The Rockefeller University is excited to announce the third concert of its 2016-2017 Peggy Rockefeller Concert season! Since its inception in 1958, the Peggy Rockefeller Concert Series has presented some of the best musicians from around the world. We also pride ourselves on giving many emerging and mid-career artists the opportunity to perform and our audiences the opportunity to hear them.

This year's series continues on November 29 with the Miró Quartet. Miró Quartet, an Austin, Texas-based string quartet whose moniker was inspired by the highly imaginative works of Spanish surrealist Joan Miró, is one of America's highest-profile chamber groups. Now in their 20th year, Miró Quartet is constantly praised for their deeply musical interpretations, exciting performances, and thoughtful programming. Having recently performed at Carnegie Hall, other highlights of recent seasons include the world premiere of a new concerto for String Quartet and Orchestra by Pulitzer Prize winning composer Kevin Puts, and performances in Tokyo, Seoul, and Hong Kong. The Quartet has taken first prize at several national and international competitions, including Banff International String Quartet Competition and Naumburg Chamber Music Competition. In 2005, Miró Quartet became the first ensemble ever to be awarded the coveted Avery Fisher Career Grant. Since 2003, the Quartet has served as the quartet-in-residence at the University of Texas at Austin Sarah and Ernest Butler School of Music.
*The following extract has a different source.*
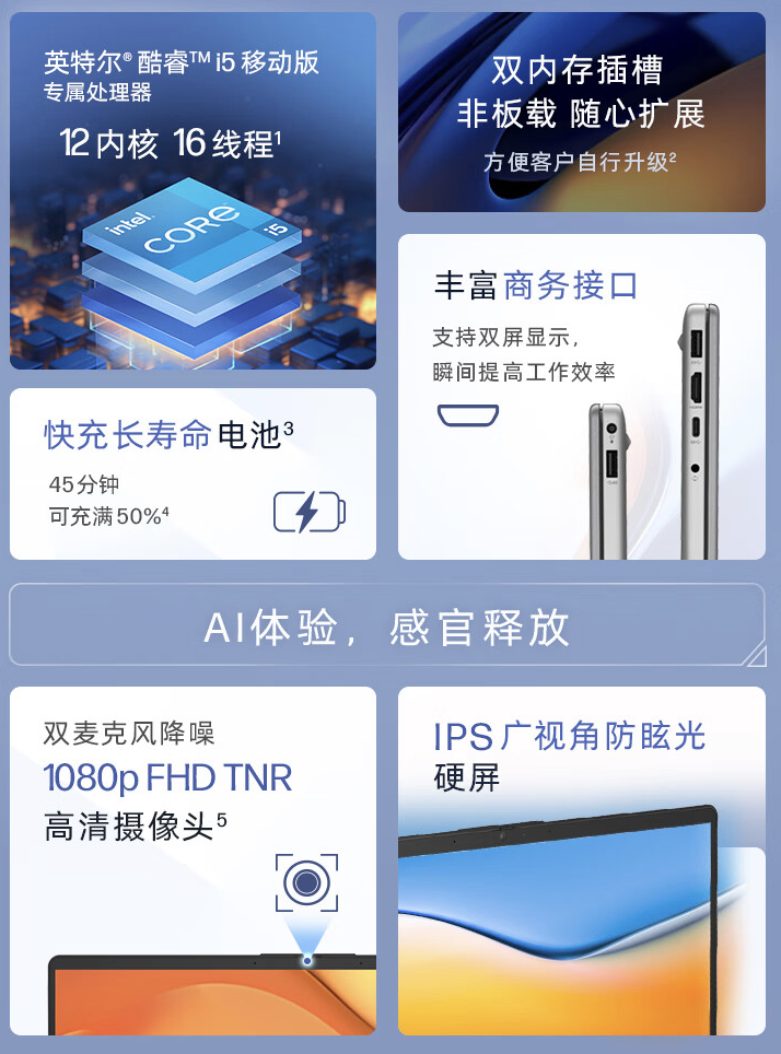 据介绍,这款笔记本厚度 17.9mm,重量 1.36 千克,配备 12 核心 16 线程英特尔酷睿 i5-1340P 处理器,配备“双 RAM 插槽”及 PCIe 硬盘,不过官方没有公布具体信息。

We are delighted to offer deeply discounted student and postdoctoral fellow tickets for just $10 each through Rockefeller's ticket subsidy program, and only $30 per person general admission. Please visit us at www.rockefeller.edu/peggy for more information about the concert series, including artists' bios, links to their websites, and an online ticket order form.


----------



## PeggyRockefellerConcerts (Jul 15, 2016)

The program for the concert is as follows:

Johannes Brahms
(1833-1897)

Quartet No. 3 in B-flat major, Op. 67 

Vivace
Andante
Agitato: Allegretto non troppo
Poco allegretto con Variazioni

Quartet No. 2 in A minor, Op. 51, No. 2

Allegro non troppo
Andante moderato
Quasi menuetto, moderato - Allegretto vivace
Finale: Allegro non assai

Quartet No. 1 in C minor, Op. 51, No. 1

Allegro 
Romanze: Poco adagio
Allegretto molto moderato e comodo
Allegro


----------



## Pugg (Aug 8, 2014)

Always on the other end of the world.


----------